_TASK TO COMPLETE_: Reproduce, word for word, the lines in the material below starting with the one that has "NATE AC Service" and going on through the one that has "이러한 값들을 sharding_info.csv". Leave out all pictures.

_DATA SUPPLIED_:

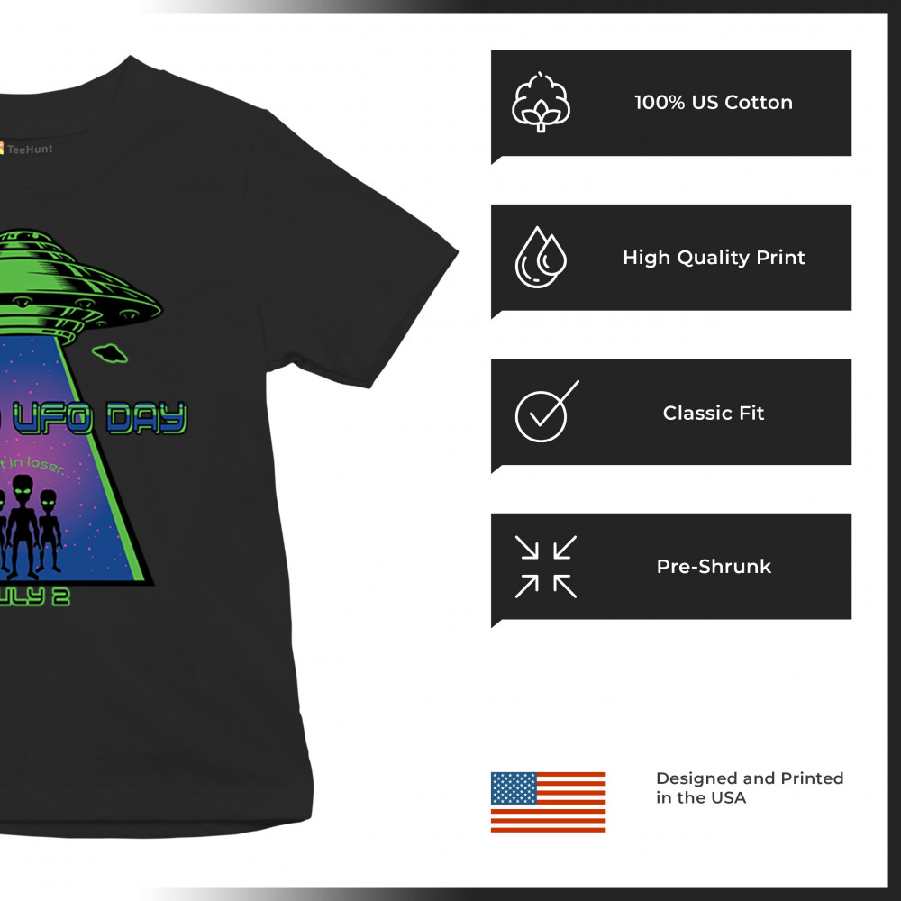 Join the celebration of World UFO Day with this unique design, featuring a detailed UFO beaming up three cheerful aliens with the phrase "Get in, loser." Perfect for those who are fascinated by the unknown and have a sense of humor about extraterrestrial life. Whether you're attending a UFO event, meeting with fellow enthusiasts, or just want to express your quirky style, this design is a must-have. Embrace the spirit of curiosity and fun with this eye-catching design for July 2nd.
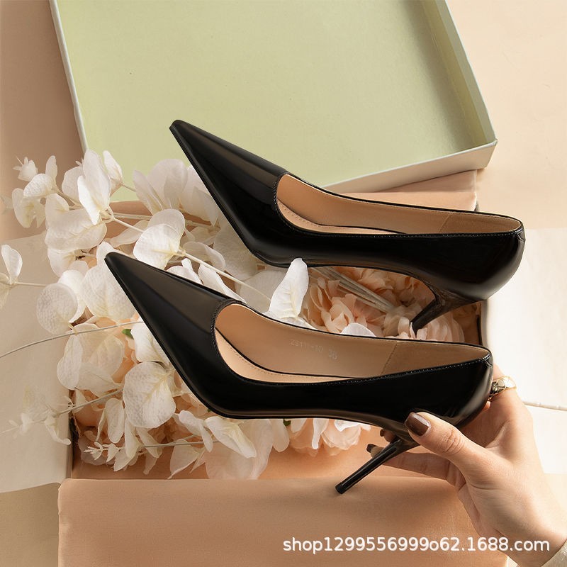 누드 섹시 스커트, 페이턴트 가죽 하이힐, 여성스러운 여성스러운 스틸레토 힐, 프렌치 소녀 포인티드 토 전문 여성용 슈즈스토어 가기
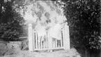 Enligt notering: "Familj vid bikuporna framför huset, Anna Olsson, Algot Torevi, Rut, Astrid".
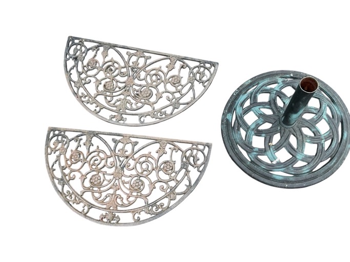 A pair of cast iron D-shaped entranceway panels with pierced foliate scrolled decoration; and a iron sunshade stand with pierced interwoven circular base. (3)
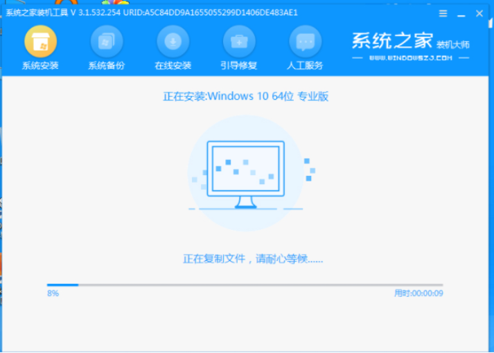 5.進入pe系統后,系統之家裝工具會自動開始安裝系統。
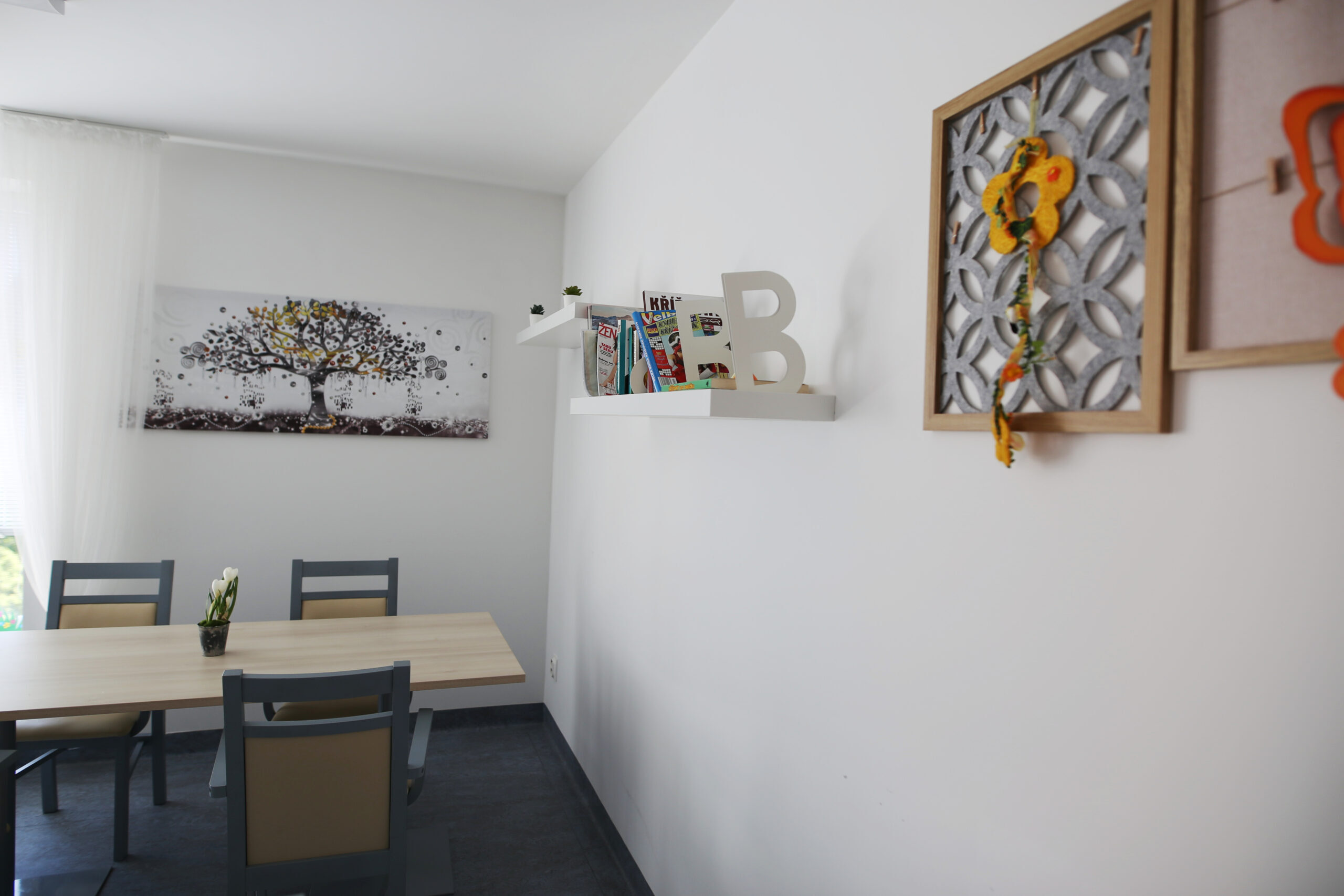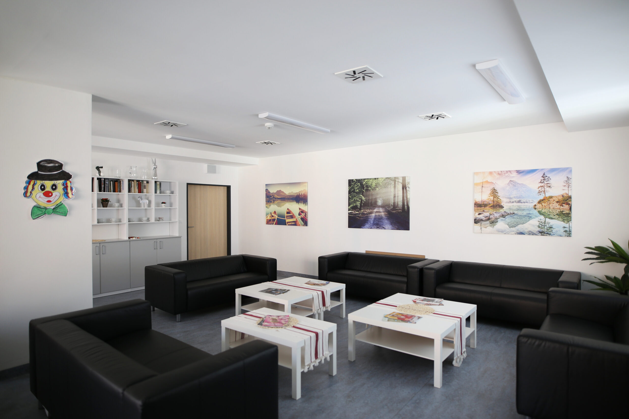 K dispozici jsou prostorné společenské a terapeutické místnosti s jídelnou.
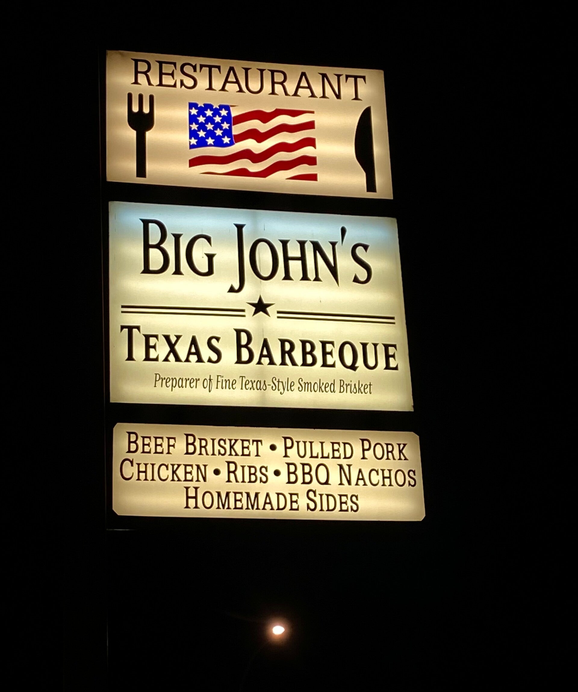 Den heutigen Abend haben wir gleich hier um die Ecke in einer umgebauten Tankstelle beim Texas Barbeque mit Live Musik ausklingen lassen. Und welch Zufall, bei uns am Tisch saß ein junges Paar aus dem Landkreis Aschaffenburg, dass hier auch einen dreiwöchigen Road Trip unternimmt. :-)
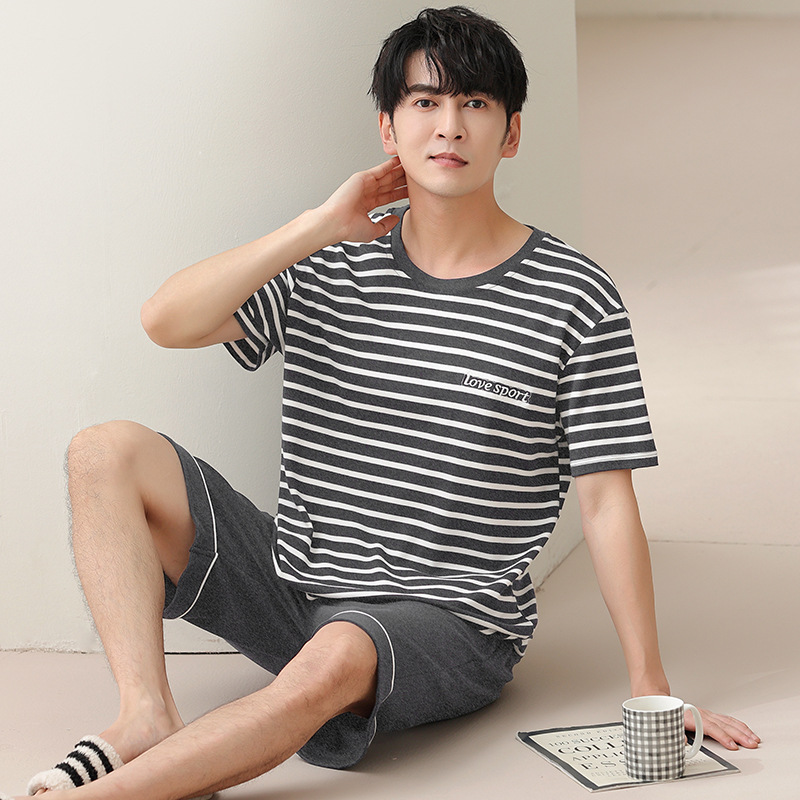 メンズ半袖純綿パジャマ夏新作カジュアル大きいサイズ丸首ストライプ薄い綿100% ホームウェアセット
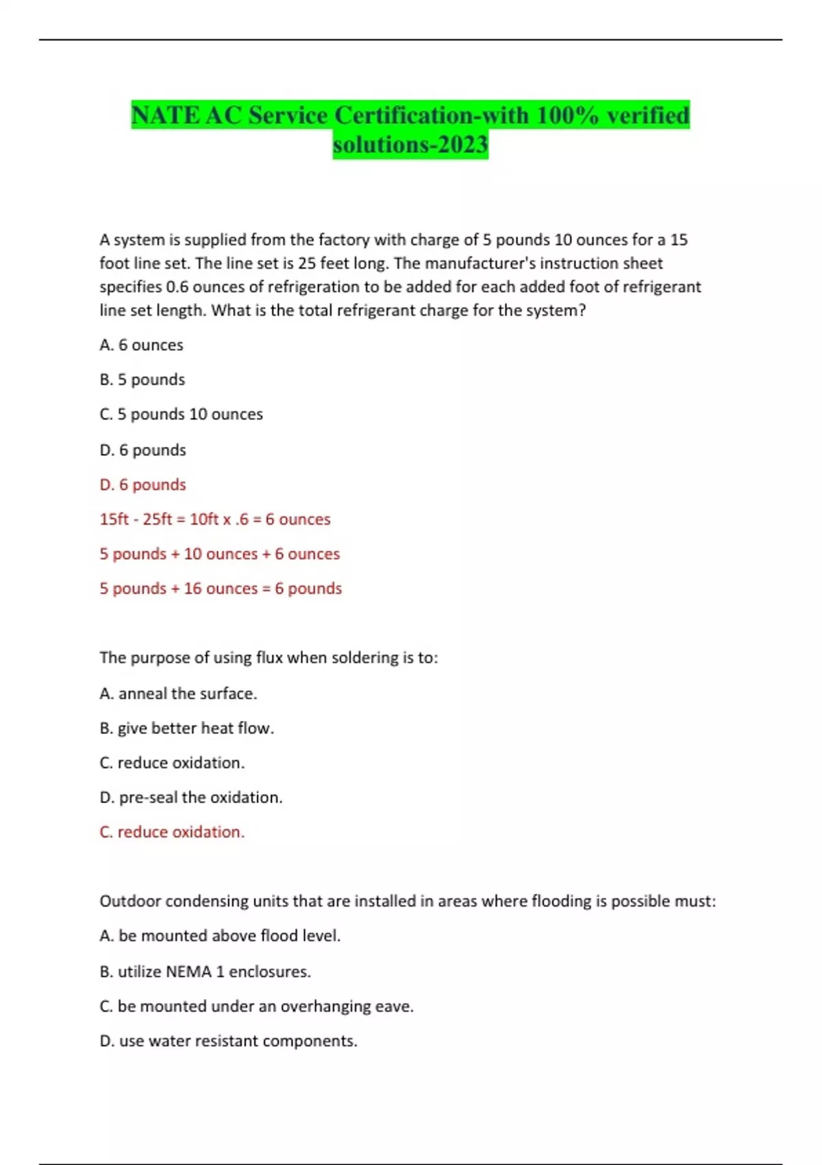 NATE AC Service Certification-with 100% verified solutions-2023
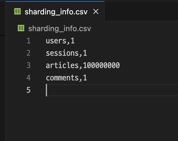 이러한 값들을 sharding_info.csv 에 기록하고 메모리 위에도 Map 구조로 가지고 있습니다.
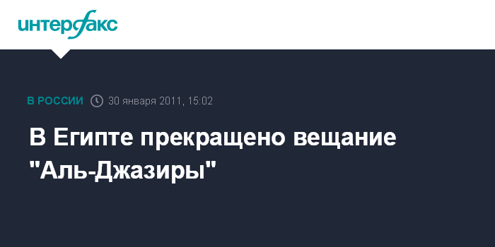Дубай. 30 января. INTERFAX.RU - Египетские власти лишили лицензии международную арабоязычную новостную сеть "Аль-Джазира" и аннулировали аккредитации у ее сотрудников в Каире, сообщает сайт телекомпании в воскресенье. Представитель "Аль-Джазиры" сообщил, что канал получил уведомление от министра информации Египта о закрытии Каирского бюро в воскресенье утром. Он отметил, что не смотря ни на что, компания будет продолжать всеобъемлющее освещение событий в Египте.
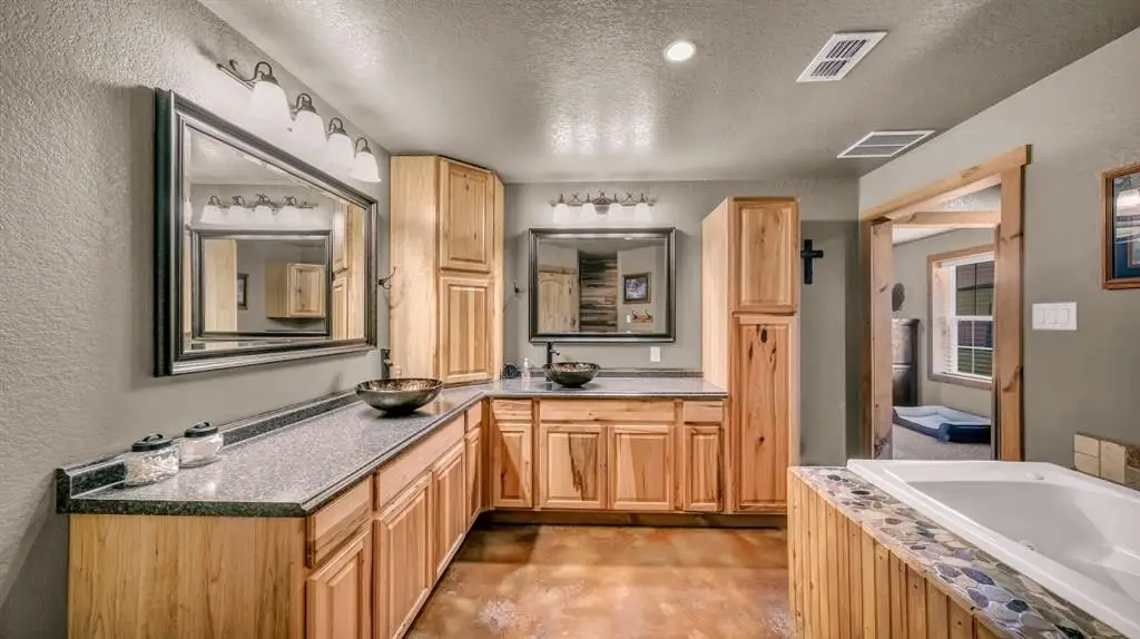 - Decorative Lighting, Double Vanity, Eat-in Kitchen, Granite Counters, Kitchen Island, Natural Woodwork, Open Floorplan, Pantry, Walk-in Closet(s)
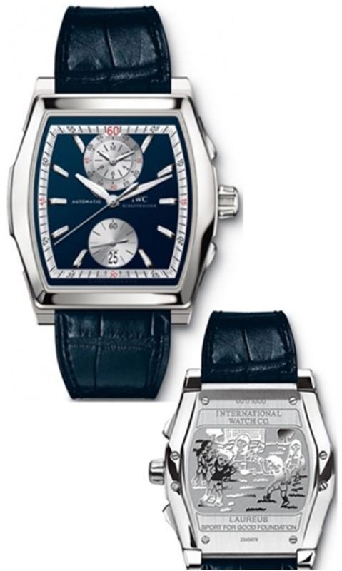 Model: IW376404 - CASE = [Material:Polished Stainless Steel], [Case Diameter:43.1], [Case Thickness:14.4mm], [Bezel:Fixed], [Case Back:Solid with engraved "The Laureus Sport for Good Foundation "], [Water Resistant:30 Meters / 100 Feet], [Crystal:Scratch Resistant Sapphire], DIAL = [Color:Blue with Date at 6], MOVEMENT = [Type:Automatic Self Winding], BAND = [Clasp:Deployment Buckle], [Type:Blue Crocodile Leather], (Usually ships in 1 to 2 weeks.)
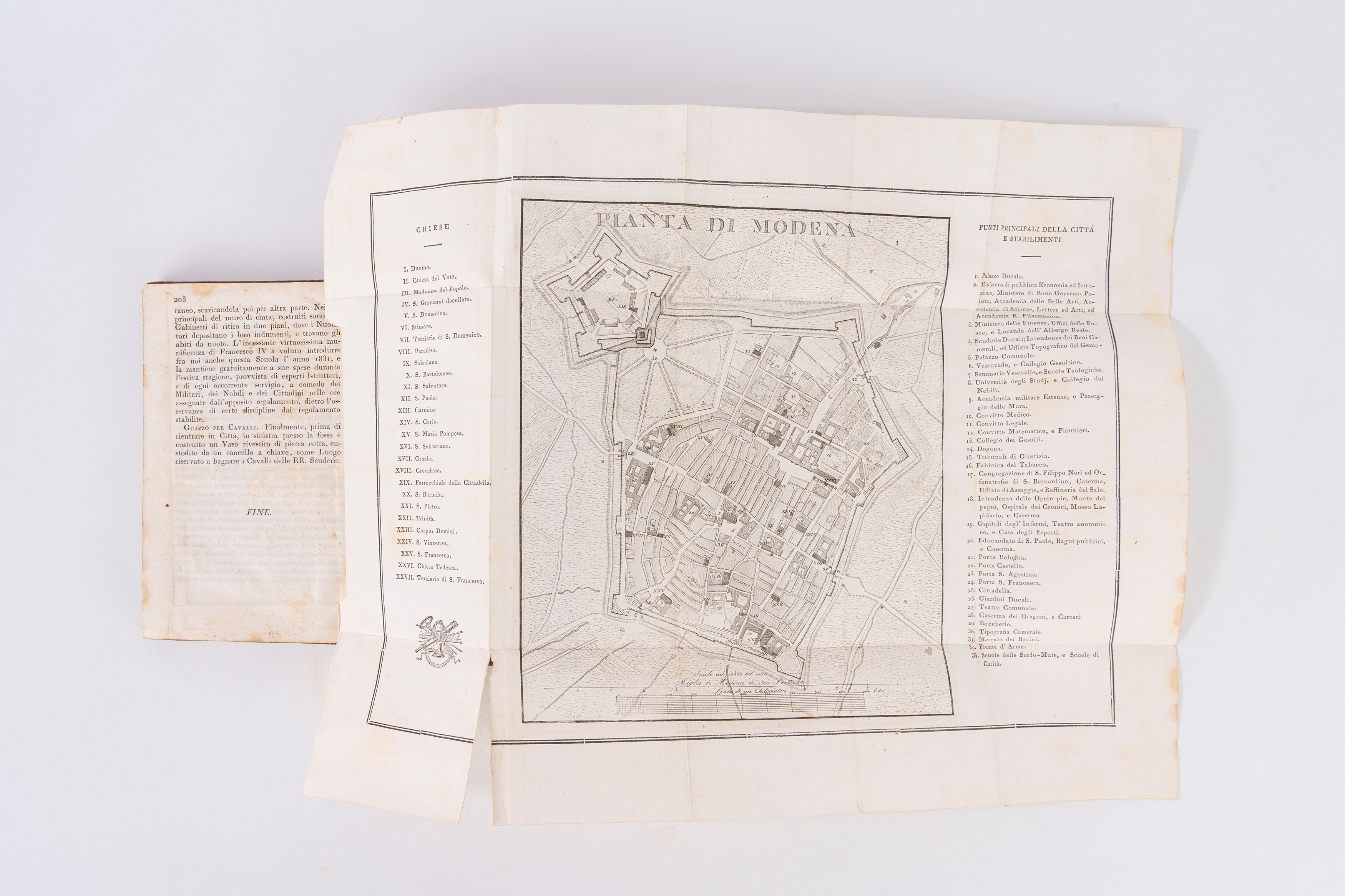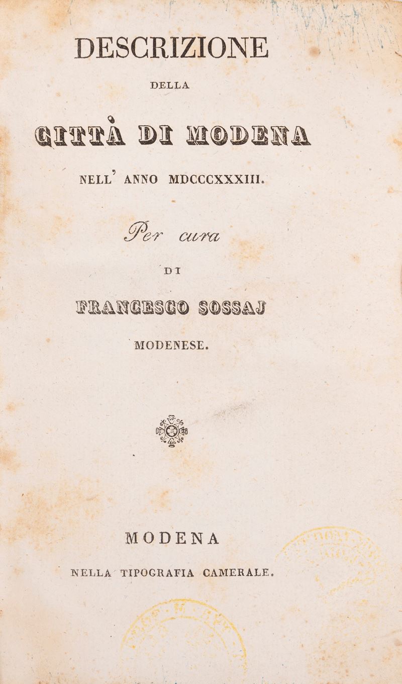 Modena, Tipografia camerale, 1833. 16°. With a large map of Modena at the end of the volume, foxing, contemporary half-leather and marbled paper binding, gilded embellishments on the spine, signs of aging. Fading ownership stamps on the title page.

_TASK RESPONSE_:
 NATE AC Service Certification-with 100% verified solutions-2023
 이러한 값들을 sharding_info.csv 에 기록하고 메모리 위에도 Map 구조로 가지고 있습니다.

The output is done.